Originally posted on Global Genes, yet generously shared here with the author's permission.
How do you tell the story of someone who has no words? As her mother, I can only give my side of the story and just hope that I can put into words just how very special Sierra is in this life.
Sierra was born at midnight on my 29th birthday. Although she had to spend five days in the neonatal intensive care unit (NICU) for ingesting meconium, Sierra was the perfect birthday present in every way. From birth, she was an easy and happy baby. She always had plenty of smiles and giggles to share. As new parents, we were elated and mesmerized by “our little burrito” (Sierra loved to be swaddled in the early months).
Unfortunately, Sierra was also plagued with ear infections and respiratory problems for much of her first year. She spent many nights screaming and even spent a week in the hospital with pneumonia. Even then, she handled these illnesses better than most children would. We were so caught up with the illnesses that it was not until Sierra was eight months old that I realized that she was not sitting up yet. We contacted our doctor who recommended seeing a neurologist, a developmental pediatrician and an Early Intervention program. As Sierra got a little older, our fears expanded from her gross motor delays (caused by hypotonia) to other developmental areas. The doctors recommended that we do genetic testing. All of the doctors, including the neurogeneticist who completed the testing, thought that Sierra just had hypotonia and that she would “just grow out of it.”
I will never forget the day (Friday, Nov. 9th, 2007) that I got the call telling me about Sierra. I was six months pregnant with my second daughter, when a genetic counselor called and said that they had found a chromosomal deletion. They told me about the deletion (22q13), that Sierra was mentally retarded and not to look on the Internet until after we met with them for a consultation. It is amazing how much a couple of minutes can alter your whole universe. I do not think anyone can quite understand a moment like that. I will share my husband’s reaction, a very intimate moment, only because I think it puts the feelings into perspective. When I told him about the phone call, he cried, he cursed, he threw furniture, he punched a wall and then he sat on the couch and said, “it’s okay; Sierra and I will be best friends for life.”
Sierra is a happy, beautiful little girl. I do not think anyone who looked at her beautiful face would know that she has a chromosomal deletion (Phelan-McDermid syndrome). However, if they spent a little time watching her, they would soon realize that she’s “different.” Even more, if they spent a little time trying to get to know her, they would come to love those differences.

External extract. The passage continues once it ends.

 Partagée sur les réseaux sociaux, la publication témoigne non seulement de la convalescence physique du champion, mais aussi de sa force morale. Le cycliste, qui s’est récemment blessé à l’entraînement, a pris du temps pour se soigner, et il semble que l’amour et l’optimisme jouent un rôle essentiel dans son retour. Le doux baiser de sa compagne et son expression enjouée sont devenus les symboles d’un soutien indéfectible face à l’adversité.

In the years since her diagnosis, I am still amazed at the wave of emotions that come and go. In the beginning, I grieved the loss of things that she may never experience (close friends, love, being a mother…). The wonderful thing about time is that the feelings of grief comes less often. They have been replaced with pure gratitude for having Sierra in my life. She has most assuredly given me a new outlook on life. I, like so many others, have taken so much for granted. I am envious of Sierra’s overwhelming joy of the simple things in life (jumping up and down, going for a car ride, swinging, being tickled and hugged, watching Sesame Street…). I feel fortunate every day of my life that I was chosen to be her mother. Every day I am amazed by her ability to overcome the challenge(s) of the day. She wakes up with a smile and goes to bed with a smile, despite all that she has to deal with. How many of us can say the same, despite dealing with so much less?

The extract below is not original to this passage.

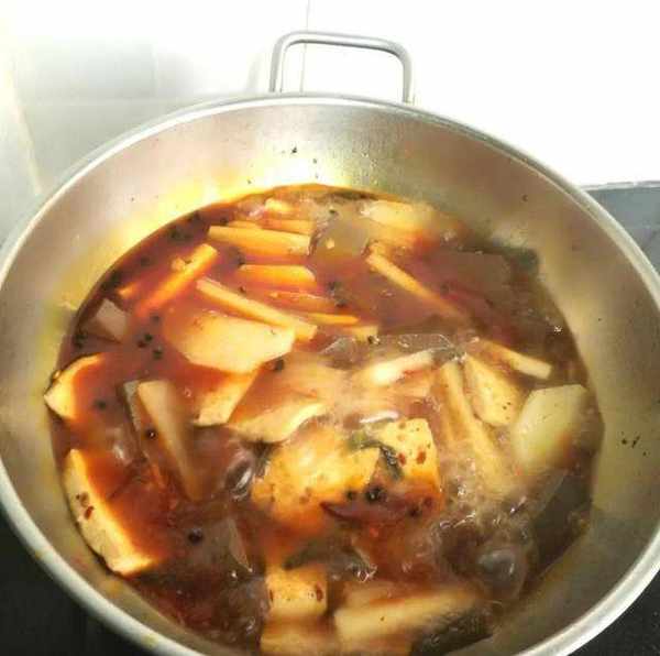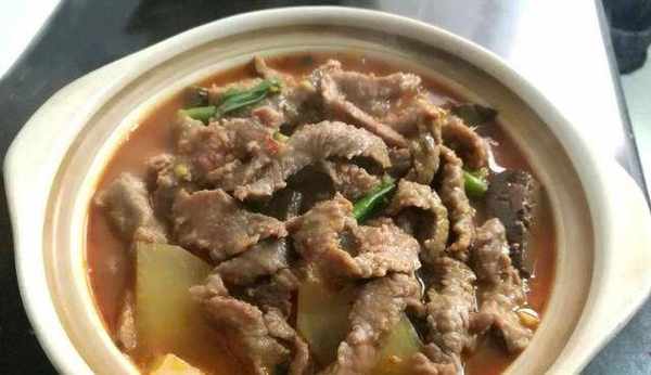 這道菜的牛肉片又嫩又爽口,有豆腐味又香,蘿卜有點甜,是一道好菜,平時傢裡人不多,這個鍋就夠瞭,人多瞭也可以當飯的菜。

Sierra cannot speak. Although she has no words, when she looks you in the eye, you know that she has so much to say. Recently, she has been getting frustrated with not being able to communicate or, even more so, with our lack of ability to understand what she wants to say. I simply cannot imagine not being able to communicate my wants and my needs. Yet, despite her inability to speak, I am in awe of the ways that she has learned to communicate. She will grab the TV remote if she wants to watch a show, stand at the dining room table if she wants to eat, go to the front door if she wants to go for a walk or car ride, and my favorite, take your hand in hers to lead you to what she wants. Although these are wonderful strides, they simply are not enough. We have spent days comforting our daughter as she screamed in pain. We have watched countless doctors helplessly search for the causes of this pain, but to no avail because they have no idea where to search.
My hope for writing this story is to help people realize that Sierra is not just a diagnosis. She is a wonderful child that if you took a step back from her “differences” and tried to know her, you would simply find a precious little girl who loves to laugh, whose smile can melt your heart and who is so easy to love. My eternal hope for Sierra is that through science and technology, she will one day be able to tell her wants and needs and even more so, her own story.